Whether students feel supported can make a huge difference in their willingness to learn. Taking it slow at the beginning, and solve the problems on an individual basis can prevent early drop-outs, especially when programming and IT systems are involved. Naturally, when we don’t have helpers we can not help everyone; this is a limitation for this model. Students should be encouraged to help each other.

Let them explore

The last important change in the class was to give time to students themselves. We reduced the lecturing on theory and computation, and added time for practice and discussion. The guided practice with live demo also came with solution and comments, so students could explore at their own pace. We left plenty of time for them to ask questions, and made sure most people can follow the exercises.

How did it go?

After the 8 day course we carried out a small survey among the ~50 students in the spring 2023 class. Student backgrounds are diverse, they work on lab data, clinical data or observational/epidemiological data:

observational study on humans 36%
RCT 18%
in vitro research 15%
others are in animal research, meta analysis or something else

Statistical competency (method, software) among students are generally on the basic end. Over 75% of the cohort report themselves to have basic to very basic knowledge of statistics; 33% do not use any statistical software, around 45% have used SPSS or Stata. On the other hand, some students (7%) report to have advanced knowledge and have some R experience.

Some feedback

This is the first time we do the course with R, live demo and put an emphasis on basic data manipulation and exploration - which means we do not have enough data, it is just an initial impression.

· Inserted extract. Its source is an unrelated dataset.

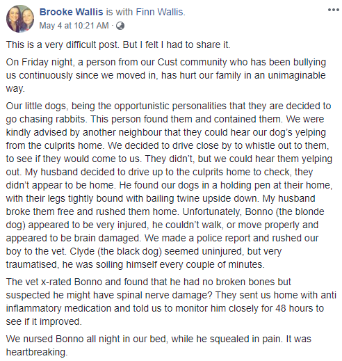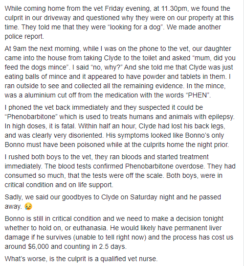 They drove to the property and whistled to Bonno and Clyde but they did not run back to their owners like they usually did. Wallis could hear their pets howling in pain.

Here’s what we have received. On the positive side, 86% find the course useful for their own PhD research. 75% felt they are able to use the correct methods for their analyses, which is quite encouraging. Most felt the examples and exercises were able to demonstrate the theory. Students have generally positive experience with the live demo, and find the instructors supportive. This is good!

In the meantime, it is only natural that some are dissatisfied (21%) in some ways. Common complaints are: R is not user friendly to absolute beginners; the leap from no software to a programming language is too big for some.

As for whether students have really mastered the knowledge intended, we do not have enough data to draw a conclusion. We do observe that the take home project show somewhat better understanding, but can not say for sure just yet.

This is a class with very diverse backgrounds, hence it is challenging to cater to everyone’s needs. Yet, we are satisfied with the trial-transformation with our introductory statistics class, and we plan to gradually implement more classes with R, and possibly hands-on practice (depending on capacity).